Счастье этого рода лишь для богов, не для смертных, а смертному ветры да дождь да метель, не убережешься от крутой непогоды, ни в какую щель не уйдешь. А потому не стать и Гоголю милым, маленьким старичком, который, оставя перо, забросил бы свой дивный предмет, не избранный еще в свое сочиненье никем, который при свете масляной лампы бесцельно перебирал бы любимые книги и ни о чем святом и возвышенном больше уже никогда не мечтал.

Полно обманываться.

Его закружила, забросав очи снегом, метель, и он заблудившийся, замерзающий путник. Вкруг него ледяная пустыня помертвелых пошлых людей, его соотечественников, в которых каким-то безумием извратилась самая суть человека. Уже влачатся многие хуже зверей. Уже глупая жадность мертвой пылью насеялась в души. Уже самонадеянность и бесстыдство бешеным волком воет в слабых ушах. Уже беспечность и леность привалили многих исполинским сугробом, выше крыши, выше даже трубы. Уже повымерзло и затухло самое помышленье о том, чтобы двинуться в путь, с той же жадностью, с какой нахватывались чины и богатства, схватиться за дело души и сделаться лучше.

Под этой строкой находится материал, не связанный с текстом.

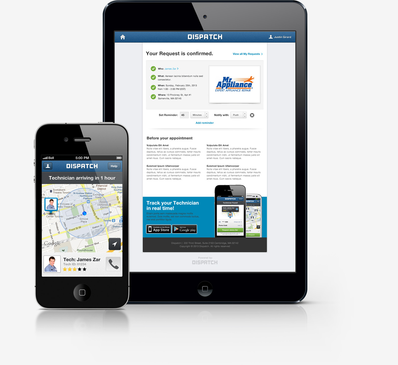 Dispatch takes the concept of "every step of the way" and turns it into a reality – the "UBER of handyman services" allows users to find any type of handyman or technician within their area, and contact for service immediately. We worked with Dispatch to focus the three products they had created into one usable website. From designing the look and feel, to providing user experience consulting, and running through several different skins, we took on the role of product design team with relish to create a one-of-a-kind, accessible product for end users.

Уже нет никого, кто бы свой голос возвысил и из снежной пустыни повел за собой.

Как же быть ему с пошлостью пошлых людей? Как не возвысить свой голос? Как не призвать на душевное дело? Как не подвигаться самому к совершенству?

Однако ж все слабей и слабей в душе его теплится творческий огнь, все медлительней, все неприметней продвиженье вперед, все безвыходнее мука и все чаще свертывается помышленье туда, где дождь не шутит хладоносный, где не подъемлет метелей зима, где, может быть, и нет ничего, но, может быть, и нет непереносимых страданий души.

Однако он был еще здесь, а не там, и еще смертным ужасом продирало от желанья поместиться в том безметельном краю, и еще от такого желанья силился спрятаться он, как от грозного и незваного гостя, еще, видать, бился и жил человек.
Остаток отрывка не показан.